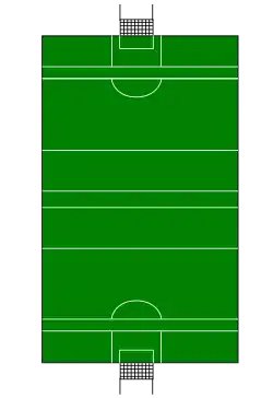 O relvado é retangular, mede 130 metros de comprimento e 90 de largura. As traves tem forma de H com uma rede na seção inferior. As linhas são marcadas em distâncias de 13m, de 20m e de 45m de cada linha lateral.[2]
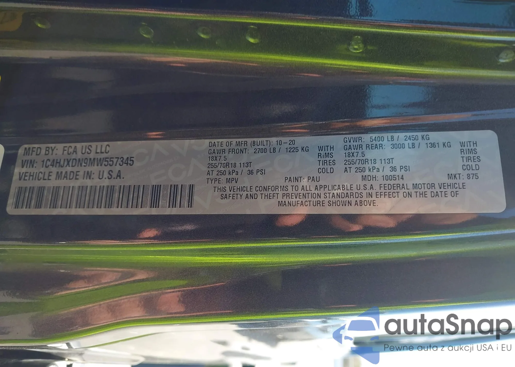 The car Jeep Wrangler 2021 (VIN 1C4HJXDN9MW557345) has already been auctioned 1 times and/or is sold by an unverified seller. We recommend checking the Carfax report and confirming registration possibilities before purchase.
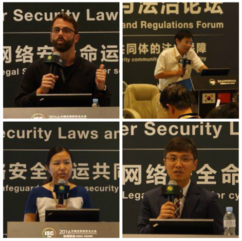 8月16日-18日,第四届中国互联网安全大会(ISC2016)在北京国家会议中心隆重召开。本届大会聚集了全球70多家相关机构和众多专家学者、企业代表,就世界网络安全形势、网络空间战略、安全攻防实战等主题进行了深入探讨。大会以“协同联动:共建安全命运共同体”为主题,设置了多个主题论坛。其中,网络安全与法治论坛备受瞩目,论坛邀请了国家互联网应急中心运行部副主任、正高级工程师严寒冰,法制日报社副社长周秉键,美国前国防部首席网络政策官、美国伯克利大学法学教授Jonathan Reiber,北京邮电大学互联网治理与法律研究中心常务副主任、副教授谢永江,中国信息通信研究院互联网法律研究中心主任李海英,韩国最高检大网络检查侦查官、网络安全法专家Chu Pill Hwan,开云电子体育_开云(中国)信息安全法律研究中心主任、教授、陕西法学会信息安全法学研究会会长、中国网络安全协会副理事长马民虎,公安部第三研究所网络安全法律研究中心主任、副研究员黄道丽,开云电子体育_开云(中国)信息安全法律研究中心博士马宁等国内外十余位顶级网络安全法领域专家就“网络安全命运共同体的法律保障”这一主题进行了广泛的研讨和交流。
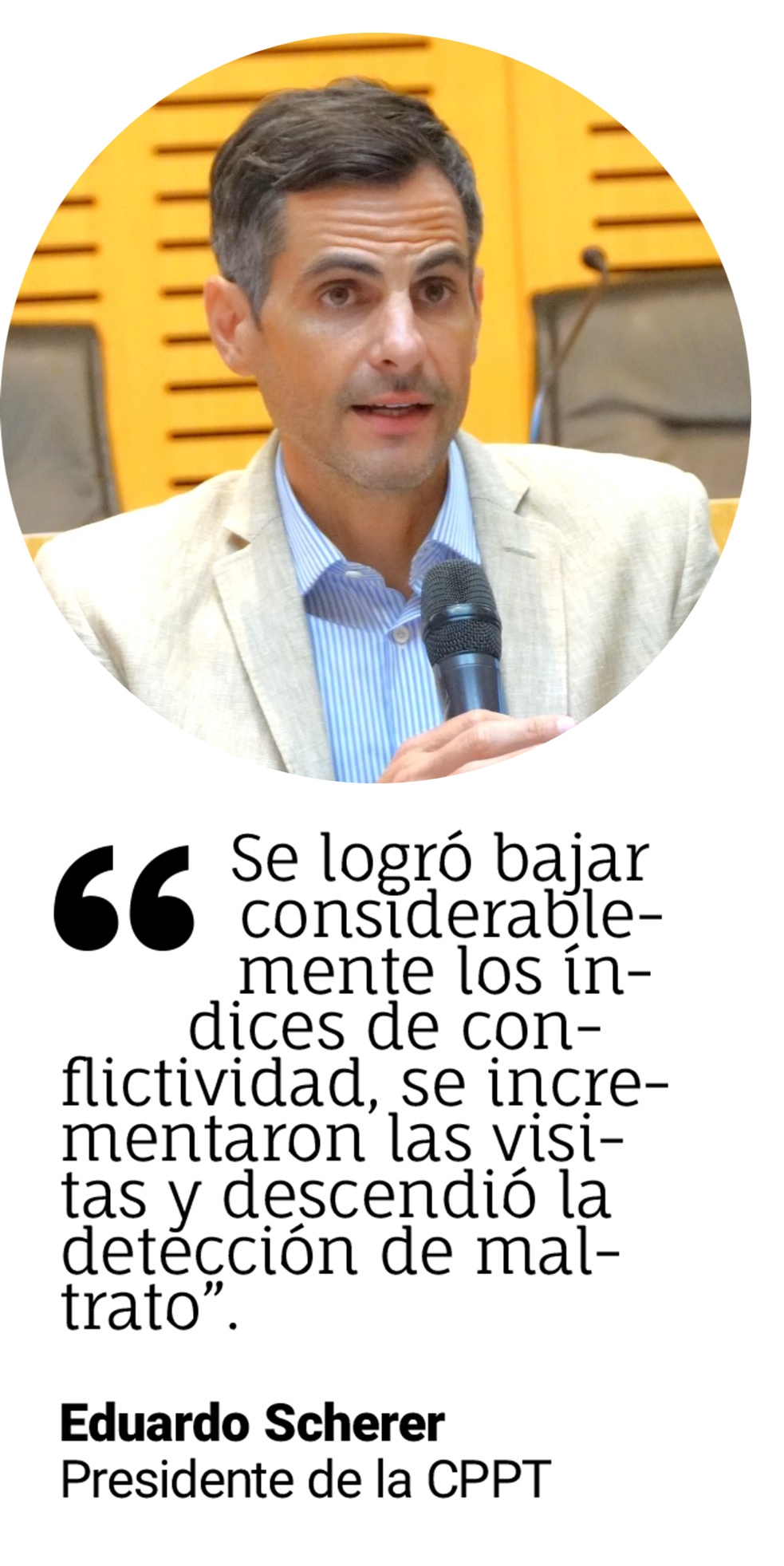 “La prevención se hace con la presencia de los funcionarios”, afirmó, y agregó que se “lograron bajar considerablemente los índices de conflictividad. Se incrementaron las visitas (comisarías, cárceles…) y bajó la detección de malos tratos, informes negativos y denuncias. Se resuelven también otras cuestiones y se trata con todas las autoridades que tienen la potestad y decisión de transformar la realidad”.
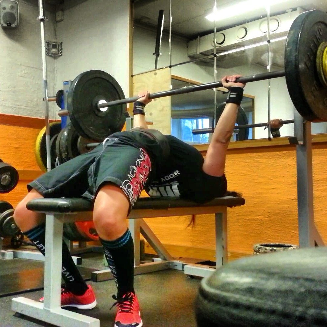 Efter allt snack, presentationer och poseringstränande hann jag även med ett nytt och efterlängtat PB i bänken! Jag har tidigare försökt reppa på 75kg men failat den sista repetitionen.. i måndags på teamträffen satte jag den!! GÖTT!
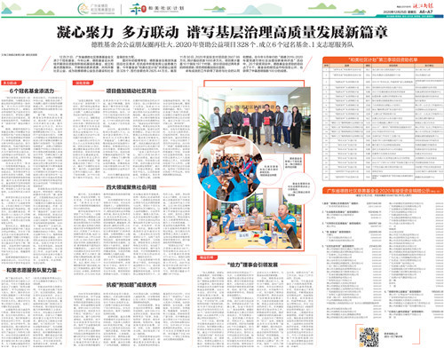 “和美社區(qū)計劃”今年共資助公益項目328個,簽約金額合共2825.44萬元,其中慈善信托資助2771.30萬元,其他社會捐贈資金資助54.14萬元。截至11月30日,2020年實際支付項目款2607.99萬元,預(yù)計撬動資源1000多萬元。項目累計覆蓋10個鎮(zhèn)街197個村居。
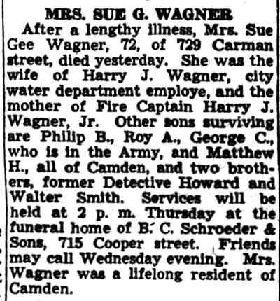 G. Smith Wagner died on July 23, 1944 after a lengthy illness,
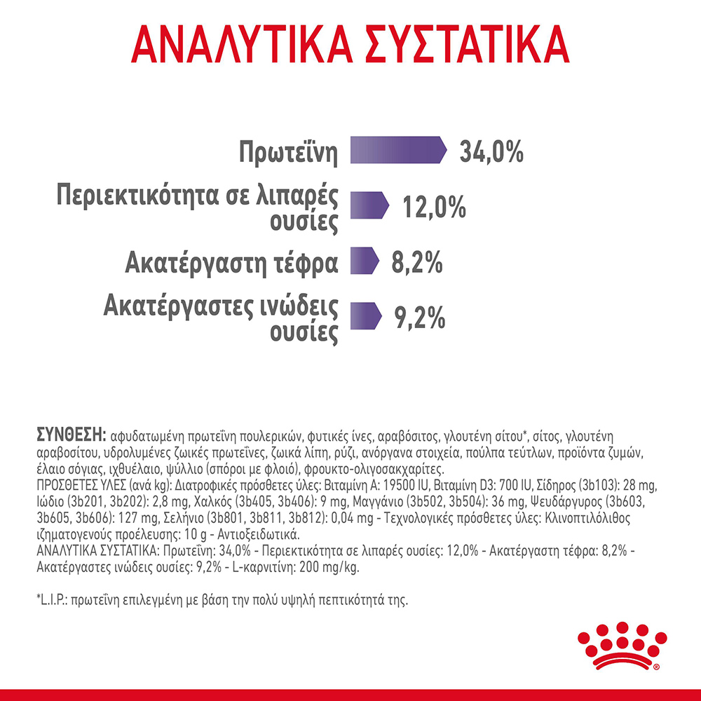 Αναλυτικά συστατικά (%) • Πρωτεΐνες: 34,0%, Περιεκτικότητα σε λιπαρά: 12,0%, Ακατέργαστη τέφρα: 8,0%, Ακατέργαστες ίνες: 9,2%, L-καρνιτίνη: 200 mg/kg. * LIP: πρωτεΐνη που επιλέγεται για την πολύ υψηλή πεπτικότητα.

==

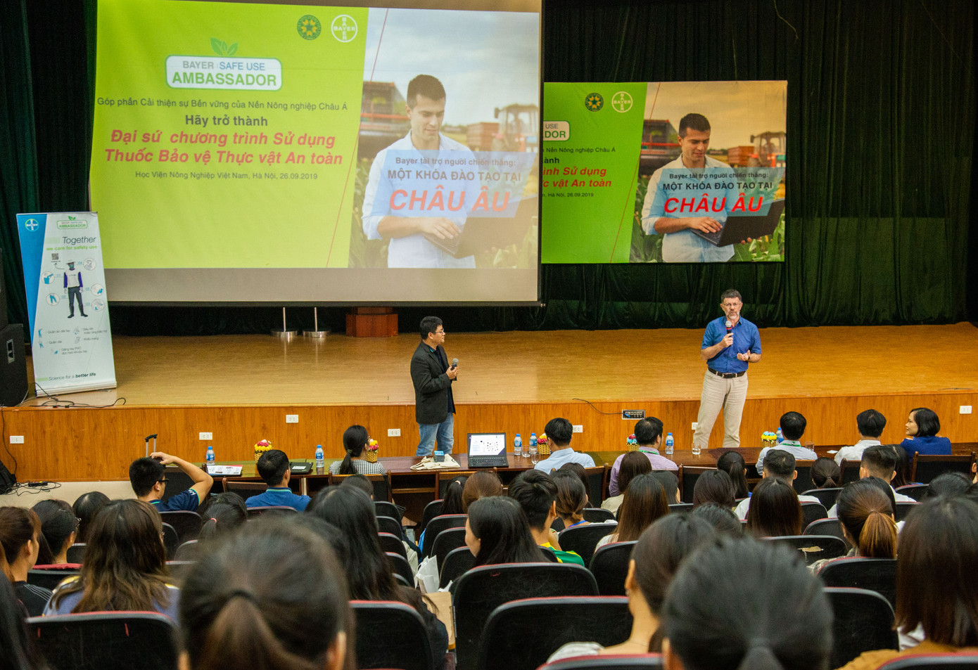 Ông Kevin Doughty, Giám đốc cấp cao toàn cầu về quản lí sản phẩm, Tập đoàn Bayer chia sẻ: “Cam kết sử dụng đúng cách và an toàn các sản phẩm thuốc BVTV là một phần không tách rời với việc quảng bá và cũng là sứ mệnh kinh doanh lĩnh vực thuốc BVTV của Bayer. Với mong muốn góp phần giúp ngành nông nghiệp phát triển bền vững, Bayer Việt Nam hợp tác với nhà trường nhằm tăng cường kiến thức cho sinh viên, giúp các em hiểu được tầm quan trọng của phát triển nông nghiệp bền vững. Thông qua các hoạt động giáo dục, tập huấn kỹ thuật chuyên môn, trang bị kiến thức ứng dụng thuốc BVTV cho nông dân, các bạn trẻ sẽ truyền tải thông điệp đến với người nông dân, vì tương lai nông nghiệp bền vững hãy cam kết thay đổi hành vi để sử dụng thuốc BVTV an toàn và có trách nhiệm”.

==

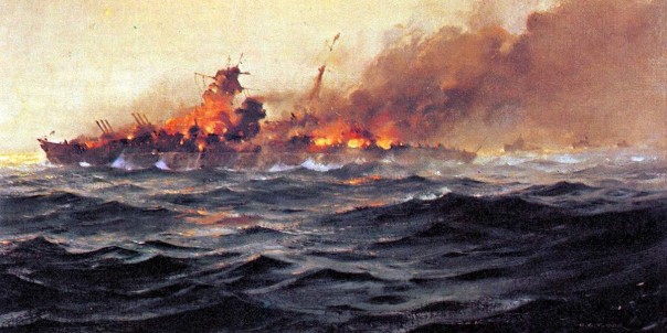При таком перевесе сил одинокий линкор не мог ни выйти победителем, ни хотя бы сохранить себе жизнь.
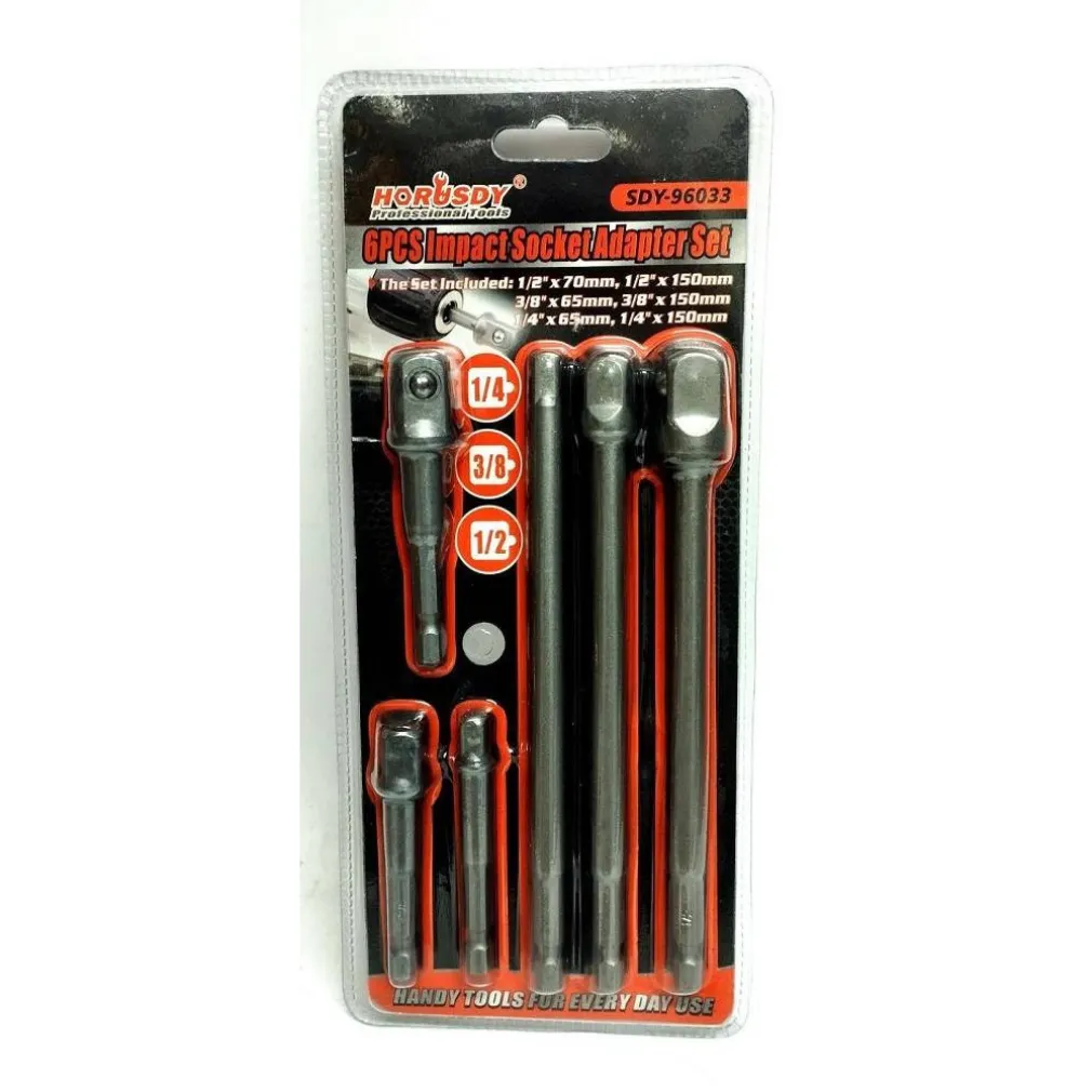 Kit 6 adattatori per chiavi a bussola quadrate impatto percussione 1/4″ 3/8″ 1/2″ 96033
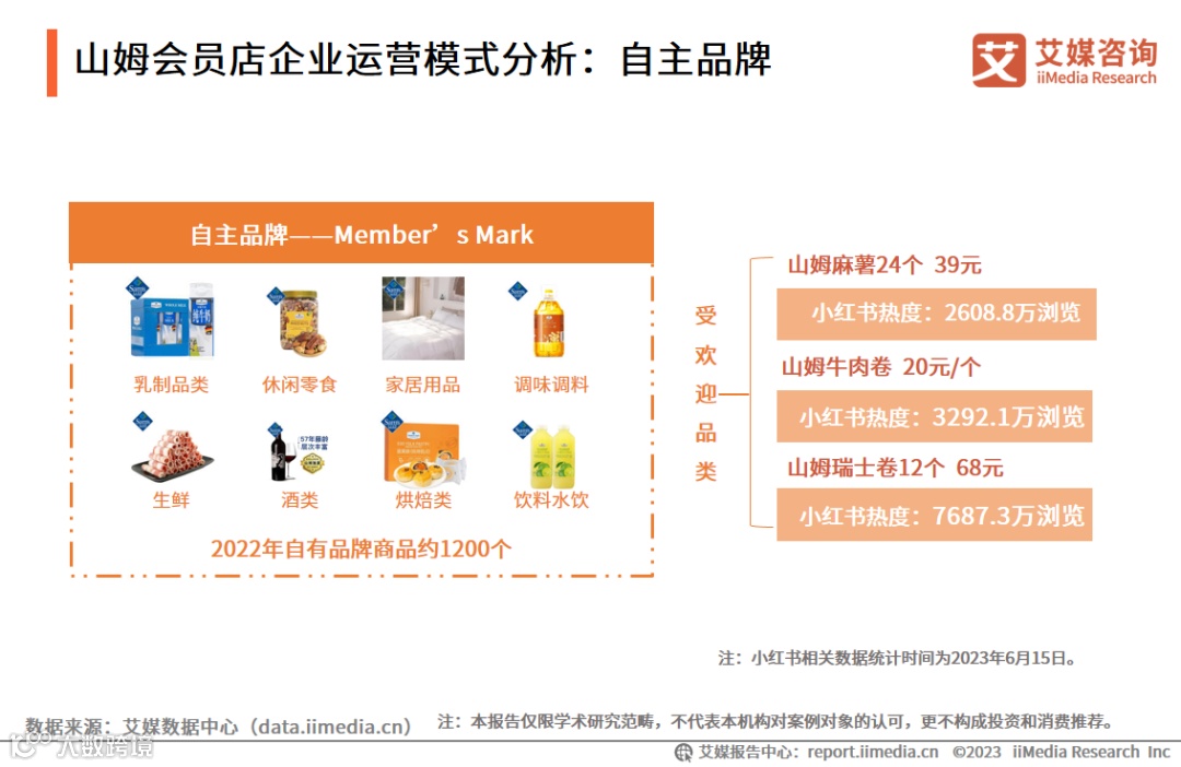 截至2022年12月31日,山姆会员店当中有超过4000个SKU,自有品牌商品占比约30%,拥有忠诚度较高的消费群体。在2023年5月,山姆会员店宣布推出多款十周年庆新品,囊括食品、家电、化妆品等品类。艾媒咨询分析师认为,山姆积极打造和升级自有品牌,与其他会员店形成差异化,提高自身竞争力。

▶ **INSTRUCTIONS TO FOLLOW**:
Copy only what lies between the line with "The car Jeep" and the line with "Αναλυτικά συστατικά (%)", those two lines included, exactly as given above; pictures stay out.

▶ **EXERCISE ANSWER**:
 The car Jeep Wrangler 2021 (VIN 1C4HJXDN9MW557345) has already been auctioned 1 times and/or is sold by an unverified seller. We recommend checking the Carfax report and confirming registration possibilities before purchase.
 8月16日-18日,第四届中国互联网安全大会(ISC2016)在北京国家会议中心隆重召开。本届大会聚集了全球70多家相关机构和众多专家学者、企业代表,就世界网络安全形势、网络空间战略、安全攻防实战等主题进行了深入探讨。大会以“协同联动:共建安全命运共同体”为主题,设置了多个主题论坛。其中,网络安全与法治论坛备受瞩目,论坛邀请了国家互联网应急中心运行部副主任、正高级工程师严寒冰,法制日报社副社长周秉键,美国前国防部首席网络政策官、美国伯克利大学法学教授Jonathan Reiber,北京邮电大学互联网治理与法律研究中心常务副主任、副教授谢永江,中国信息通信研究院互联网法律研究中心主任李海英,韩国最高检大网络检查侦查官、网络安全法专家Chu Pill Hwan,开云电子体育_开云(中国)信息安全法律研究中心主任、教授、陕西法学会信息安全法学研究会会长、中国网络安全协会副理事长马民虎,公安部第三研究所网络安全法律研究中心主任、副研究员黄道丽,开云电子体育_开云(中国)信息安全法律研究中心博士马宁等国内外十余位顶级网络安全法领域专家就“网络安全命运共同体的法律保障”这一主题进行了广泛的研讨和交流。
 “La prevención se hace con la presencia de los funcionarios”, afirmó, y agregó que se “lograron bajar considerablemente los índices de conflictividad. Se incrementaron las visitas (comisarías, cárceles…) y bajó la detección de malos tratos, informes negativos y denuncias. Se resuelven también otras cuestiones y se trata con todas las autoridades que tienen la potestad y decisión de transformar la realidad”.
 Efter allt snack, presentationer och poseringstränande hann jag även med ett nytt och efterlängtat PB i bänken! Jag har tidigare försökt reppa på 75kg men failat den sista repetitionen.. i måndags på teamträffen satte jag den!! GÖTT!
 “和美社區(qū)計劃”今年共資助公益項目328個,簽約金額合共2825.44萬元,其中慈善信托資助2771.30萬元,其他社會捐贈資金資助54.14萬元。截至11月30日,2020年實際支付項目款2607.99萬元,預(yù)計撬動資源1000多萬元。項目累計覆蓋10個鎮(zhèn)街197個村居。
 G. Smith Wagner died on July 23, 1944 after a lengthy illness,
 Αναλυτικά συστατικά (%) • Πρωτεΐνες: 34,0%, Περιεκτικότητα σε λιπαρά: 12,0%, Ακατέργαστη τέφρα: 8,0%, Ακατέργαστες ίνες: 9,2%, L-καρνιτίνη: 200 mg/kg. * LIP: πρωτεΐνη που επιλέγεται για την πολύ υψηλή πεπτικότητα.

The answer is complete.